And, of course, AMR can replace truck rolls in some instances. “Without AMR, when a customer calls in an outage, you have to dispatch a truck to see what’s wrong,” Wambaugh says. “With two-way AMR, you can try to communicate with the meter, and if the communication goes through, you know there’s power. Then you can walk the customer through checking circuits.”
Wambaugh, who was chief technology officer for Cellnet, recalls that Kansas City Power and Light eliminated 70,000 truck rolls a year with its Cellnet AMR system. That’s one place where utilities can cut labor with AMR. But like computers or other technology, AMR requires the addition of skill sets and people to support it.
Dealing with Data
“The biggest maintenance issue with AMR is database maintenance,” Skog says. He has been involved in maintenance issues with several projects, including the 1.5 million-endpoint AMR system deployed at Puget Sound Energy. “Most of the time, you’re not just dealing with one system at the utility. You’ve got billing, CIS, work order systems and more all tied together with data fields, and if you get them out of sync, the data stops flowing,” Skog says.

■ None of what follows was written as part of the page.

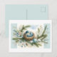Postal Festiva Nido de pájaro azul con ornamentos en minas de inv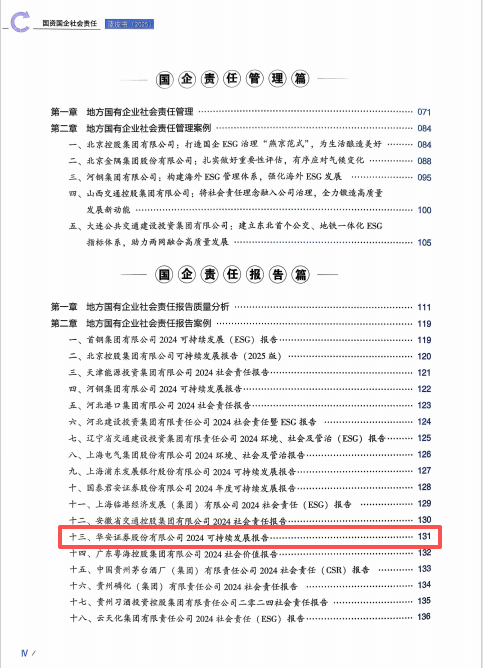 12月5日,国务院国资委社会责任局在京举办中央企业和地方国资国企社会责任蓝皮书发布会,凭借在环境、社会与治理(ESG)领域的卓越实践,华安证券《2024可持续发展报告》从全国数百份报告中脱颖而出,入选国务院国资委地方国有企业社会责任报告案例,成为全国范围内20家入选单位之一。

To elaborate on this, Wambaugh says that utilities have always had data maintenance and synchronization issues. With AMR, it becomes more of an issue because of the amount of data, the frequency of data collection and the many other systems that are relying on the data. For example, in non-AMR, the meter reads are used just for billing. With AMR, data is used for billing, but information from the AMR system also is used for troubleshooting/meter maintenance, outage, distribution planning, etc.
To ensure data reliability, Puget Sound Energy installed a system that automatically validates data every day though a variety of integrity tests.
“Out of 1.5 million reads that come in, there might be as many as 50 a day that get flagged for investigation. Many of these exceptions can be resolved automatically, but sometimes, the integrity tests are signaling the first signs of equipment failure,” Skog says.
Ready for Anything
Equipment failure happens with and without AMR. But as Wambaugh notes, “With AMR, you have more equipment, so you have more failure.” As an example, he points to a typical pole-top data concentrator that eventually will transmit data back to a utility in a fixed-network system. “A typical concentrator has four main components,” he explains. “There’s a LAN transceiver, a WAN modem, a CPU and a battery or power supply. You can expect around 5 percent of devices to have some kind of failure.”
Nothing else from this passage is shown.